Ne m’oublie pas d’Alix Garin

Roman graphique encensé depuis sa sortie, il me tardait vraiment de découvrir Ne m’oublie pas d’Alix Garin. Et je n’ai pas été déçue : c’est un concentré d’émotions dans les mots, dans les images et dans les non-dits.

Voici la quatrième de couverture :

La grand-mère de Clémence souffre de la maladie d’Alzheimer. Face à son désespoir, elle prend la décision de l’enlever de la maison de retraite et de prendre la route en quête de l’hypothétique maison d’enfance de sa mamie. Une fuite, une quête, un égarement, l’occasion de se retrouver ? À moins que ce ne soit plutôt des adieux…

Clémence est une jeune femme dans la fleur de l’âge qui savoure son indépendance, qui s’est éloignée de sa mère, qui prépare son entrée à l’école de théâtre. Quand elle apprend que sa grand-mère a encore fugué de sa maison de retraite, elle comprend que c’est le désespoir qui la fait agir. Alors que sa mère accepte de la droguer, Clémence, elle, refuse. Elle enlève sa grand-mère et projette de lui faire revoir la maison de ses parents.

Cette fuite en avant se révèlera vite être vaine, autant que rédemptrice. Face à cette femme qui a contribué à l’élever mais qui croit qu’elle va se faire disputer par ses parents à son retour, à celle qui refuse de dormir dans une voiture mais entreprend de la recouvrir de fleurs, Clémence va affronter ses propres démons.

Chaque pièce vient combler le puzzle personnel de Clémence qui ne sait pas vraiment qui elle est et s’aperçoit qu’elle ne peut donc pas aider sa grand-mère à se souvenir de qui elle était. Mais dans cette succession d’aventures malheureuses, c’est l’amour qui transpire. Si on ne peut guérir quelqu’un d’Alzheimer, on peut l’aimer quand même, coûte que coûte. A chaque prise de conscience, la grand-mère livre un message d’espoir et de paix à cette jeune femme déchirée.
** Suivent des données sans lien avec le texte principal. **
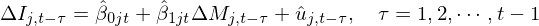 对于可预期的 income change,Ball and Brown (1968) 构建了一个时序回归模型。在第 t 年、对于公司 j,使用过去 t - 1 年该公司的 income change 作为被解释变量,使用除该公司之外的市场平均的 income change 作为解释变量(下式中的 ΔM_{j, t-τ}),进行回归求出回归系数。

C’est encore, des années plus tard, grâce à cette relation à double sens, dans laquelle le parent peut devenir l’enfant, et inversement, que Clémence va grandir, pardonner et exister.

Ce roman graphique est un petit bijou dans ses dessins et dans ses bulles, mais surtout dans ses silences. Les regards, les gestes, les absences de réponses sont riches de sens et ce sont les souvenirs, les mêmes qui font défaut à la grand-mère, qui vont venir reconstruire Clémence.

Une parenthèse d’amour, une bulle de bonheur que cet ouvrage d’Alix Garin.